Okay, so at a measured goodput of 62 Mbps you will need at least:
62 * 65/64 * (1526/(1500-8-20-20)) = 66.1779011708 Mbps Sync
your 67 Mbps is close, but the difference might iundicate that your ISP has some thraffic shaping at its BRAS/BNG level. Anyway, I would take this 66Mbps as 100% for the gross rate. For ingress shaping typically one needs a larger bandwidth sacrifice to keep control over the queueing than for egress (in the limit you can set the egress shaper-gross-rate to 100% of the true link gross-rate, as all you need to do is avoiding overfilling the modems buffers). 95% seems awfully tight for decent ingress/download shaping, we typically recommend to use 85-90% of the ingress gross rate.

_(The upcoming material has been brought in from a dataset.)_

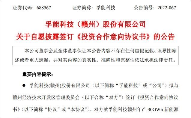 On August 1, 2022, Funeng Technology and the Ganzhou Economic and Technological Development Zone Management Committee signed the "Letter of Intent for Investment Cooperation", and the two parties reached an agreement on the relevant terms of the annual output of 30GWh new energy battery project in Ganzhou, Jiangxi Province of Funeng Technology. The project is divided into two phases. It is planned to be located in Ganzhou New Energy Science and Technology City, Jiangxi Province, with a total area of about 1,143 acres. After the project is completed, it can achieve an annual production capacity of 30GWh of new energy batteries.

BUT this is a trade-off between latency-under-load and bandwidth utilization which all users/networks will need to figure out for themselves, or tp put it differently this is a policy question.

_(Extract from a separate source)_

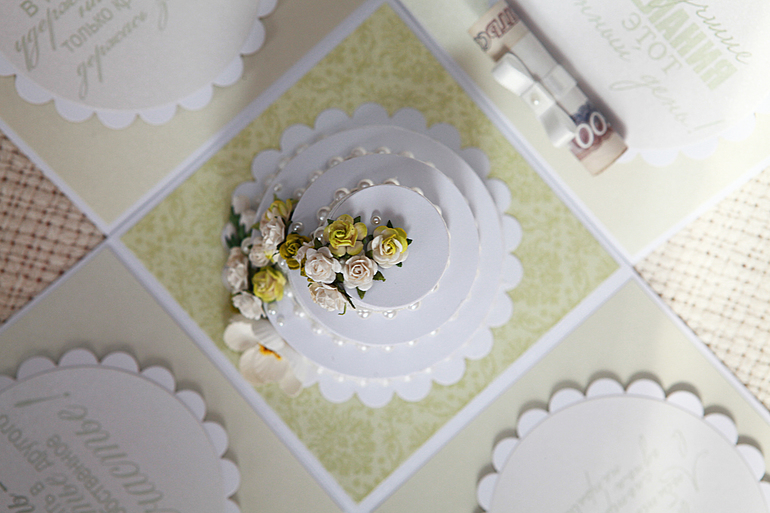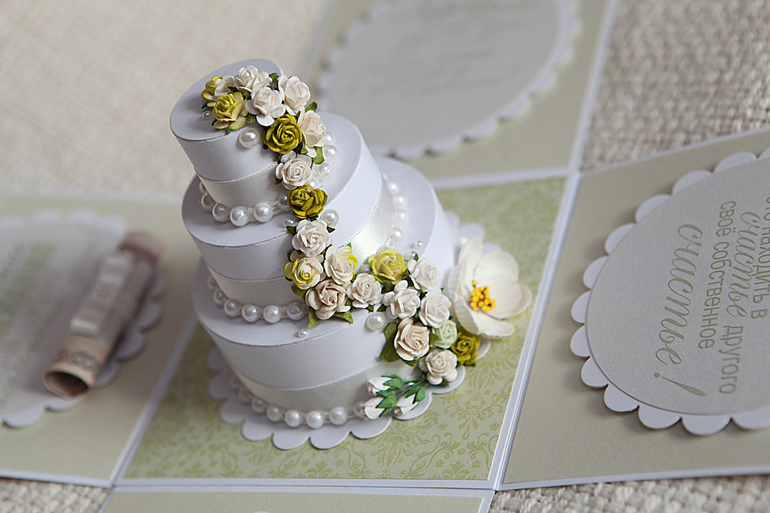 Конверты и коробки для денегСвадебная коробочка для денежного подарка в нежных бело-зелёных тонах.

That said 100*63.65/66.18 = 96.18 % of the gross-link-rate seems tight enough to expect "back-spill" into the ISPs DSLAM-buffers when data is rushing in, and hence occasional ingress latency spikes. Mind you these spikes can also occur when the shaper is set to lower percentages of the true link speed, as they are depend on the difference in accumulated incoming rate to the DSLAM and the bandwidth from the DSLAM to the modem, so one can not fully rule these out (e.g. in a DOS situation our post-bootleneck-ingress-shaping basically is useless).
This most likely is the effect of all measurement flows sending like 10 packets towards the end-host all at once, and while these are queued at the dslam everything else experiences delays. Unfortunately that can not be fully avoided when instantiating a shaper downstream of the true bottle-neck.
This tends to be something else, potentially transient CPU overload on your router (caused by say, WIFI processing) which means that the shaper gets not-serviced for too long a period and that immediately causes delay as well.
Which just means that this shaper bandwidth is well matched with the load generated by the number of flows from the test. Cake actually offers the "ingress" keyword to better deal with shaping ingress links (it will for example not scale its packet dropping so the shaper's egress rate matches the set rate, but rather so that the ingress rate matches the set rate, which works better for post-bottle-neck shaping). IIRC, "ingress" also will better deal with the number of concurrent flows on the ingress link (more flows typically require a higher bandwidth sacrifice so that all flows get a sufficiently strong signal to slow down), and it dies this transiently depending on the number of active flows. In short, if you use the ingress keyword you might get away with a smaller permanent bandwidth sacrifice, but that still is policy and you need to balance this for your own network according to your preferences.
Sort of, my take on this is, that the pretty much synchronized nature of flows in a speedtest result in, say 16 flows dumping 10 Packets (assuming intial window 10) into the link simultaneously resulting in packets worth up to
(16 * 10 * 1526 * 8) / (63.65 * 1000 * 1000) * 1000 = 30.6878240377 ms
of transfer time on the bottleneck link piling up at the upstream end of said bottleneck link. These will be queued by the DSLAM and any other packets, like the packets used to probe the latency will be stuck behind these and experience an additional 30 ms of delay. Does this make sense to you?
You tell me This is a policy decision every network operator needs to make individually, there is not true answer to this. If you ask me, sure I would sacrifice this 4 Mbps happily, but I would also not be ashamed to completely disable my shaper if I needed maximum bandwidth (temporarily).